TRY IT: Please write out all the data that follows exactly, without the pictures.

AVAILABLE DATA:
-*-
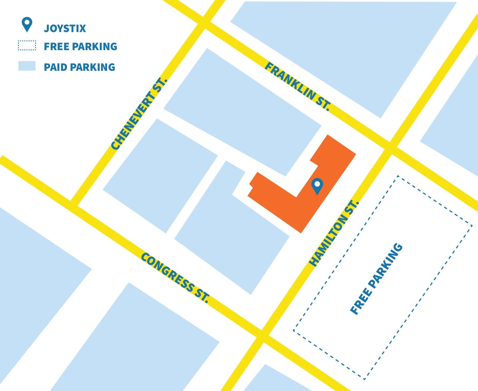 Parking: Complimentary parking for all guests on Hamilton between Congress and Franklin.
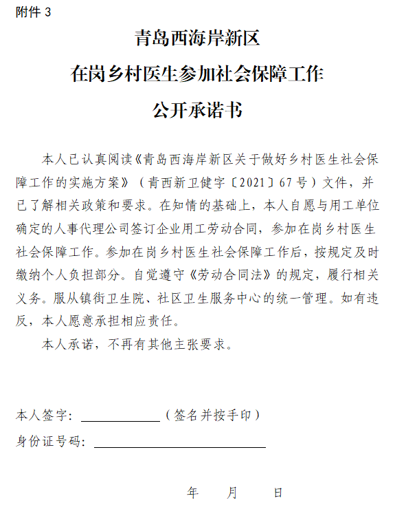 青島西海岸新區(qū)《在崗鄉(xiāng)村醫(yī)生參加社會保障工作公開承諾書》模板(附下載)
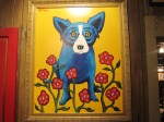 It just so happens, last summer on a marathon road trip through the South, I found myself in Lafayette, Louisiana, at the Blue Dog Cafe, George Rodrique’s stomping grounds. The Cajun influenced restaurant walls were covered with Blue Dogs and Rodrique’s Cajun landscapes. It was hard to tell if anyone was aware they were dining under world renowned art works. People in Lafayette are obviously accustomed to the Blue Dog. I was the only tourist running around the dining area trying to capture individual works on my little camera. Food, not art in the restaurant, was definitely the focus.
-*-
WRITTEN RESPONSE:
 Parking: Complimentary parking for all guests on Hamilton between Congress and Franklin.
 青島西海岸新區(qū)《在崗鄉(xiāng)村醫(yī)生參加社會保障工作公開承諾書》模板(附下載)
 It just so happens, last summer on a marathon road trip through the South, I found myself in Lafayette, Louisiana, at the Blue Dog Cafe, George Rodrique’s stomping grounds. The Cajun influenced restaurant walls were covered with Blue Dogs and Rodrique’s Cajun landscapes. It was hard to tell if anyone was aware they were dining under world renowned art works. People in Lafayette are obviously accustomed to the Blue Dog. I was the only tourist running around the dining area trying to capture individual works on my little camera. Food, not art in the restaurant, was definitely the focus.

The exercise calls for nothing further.